PROVIDED DATA
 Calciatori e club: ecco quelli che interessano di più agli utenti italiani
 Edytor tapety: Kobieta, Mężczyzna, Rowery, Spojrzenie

---

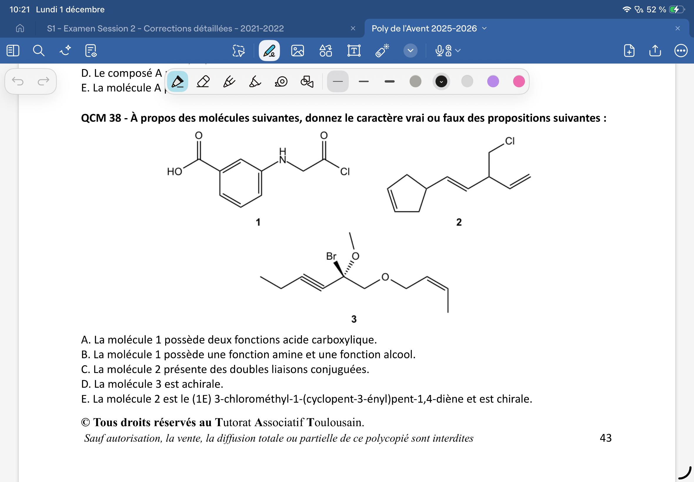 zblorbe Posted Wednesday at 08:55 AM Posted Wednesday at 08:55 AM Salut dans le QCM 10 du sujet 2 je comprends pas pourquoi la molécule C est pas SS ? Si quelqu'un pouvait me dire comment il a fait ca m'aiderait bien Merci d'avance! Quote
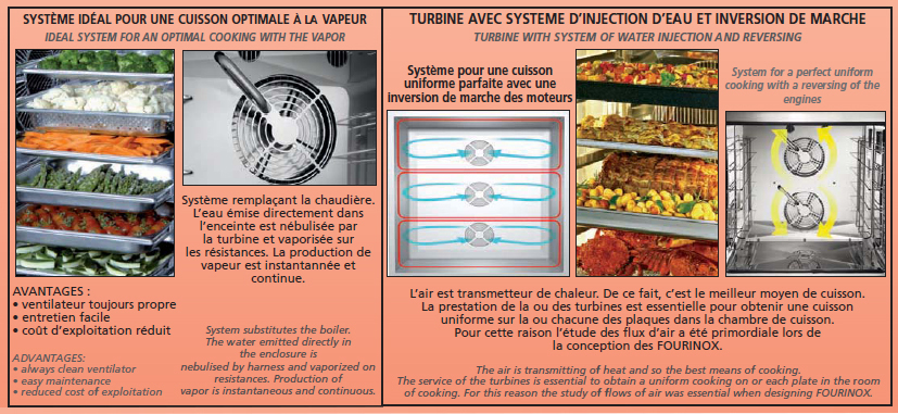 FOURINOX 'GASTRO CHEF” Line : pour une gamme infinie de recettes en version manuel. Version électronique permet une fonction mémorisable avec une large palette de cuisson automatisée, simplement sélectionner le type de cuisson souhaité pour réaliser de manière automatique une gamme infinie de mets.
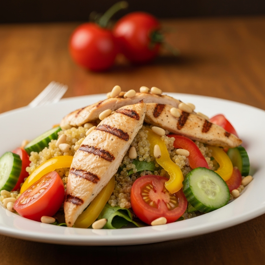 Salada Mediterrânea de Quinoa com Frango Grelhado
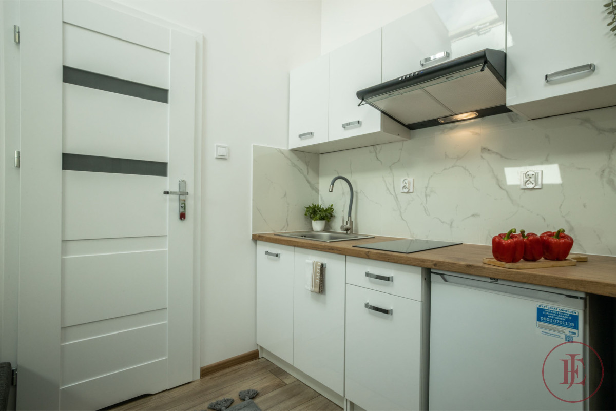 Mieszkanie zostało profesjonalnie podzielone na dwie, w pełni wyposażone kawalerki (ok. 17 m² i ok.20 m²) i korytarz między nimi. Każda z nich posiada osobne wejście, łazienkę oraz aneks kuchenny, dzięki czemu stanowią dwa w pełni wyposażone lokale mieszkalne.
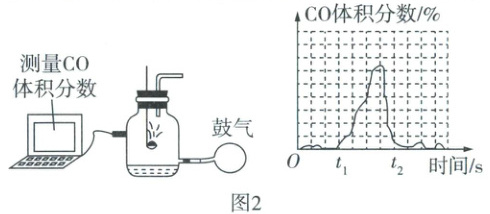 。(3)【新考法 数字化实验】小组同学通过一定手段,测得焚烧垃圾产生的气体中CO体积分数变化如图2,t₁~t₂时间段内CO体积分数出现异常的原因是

WHAT THIS TASK INVOLVES
What is needed is an exact copy of the lines above, from the one holding "zblorbe Posted Wednesday" down to the one holding "Salada Mediterrânea de", with those two included and the pictures left out.

REPLY
 zblorbe Posted Wednesday at 08:55 AM Posted Wednesday at 08:55 AM Salut dans le QCM 10 du sujet 2 je comprends pas pourquoi la molécule C est pas SS ? Si quelqu'un pouvait me dire comment il a fait ca m'aiderait bien Merci d'avance! Quote
 FOURINOX 'GASTRO CHEF” Line : pour une gamme infinie de recettes en version manuel. Version électronique permet une fonction mémorisable avec une large palette de cuisson automatisée, simplement sélectionner le type de cuisson souhaité pour réaliser de manière automatique une gamme infinie de mets.
 Salada Mediterrânea de Quinoa com Frango Grelhado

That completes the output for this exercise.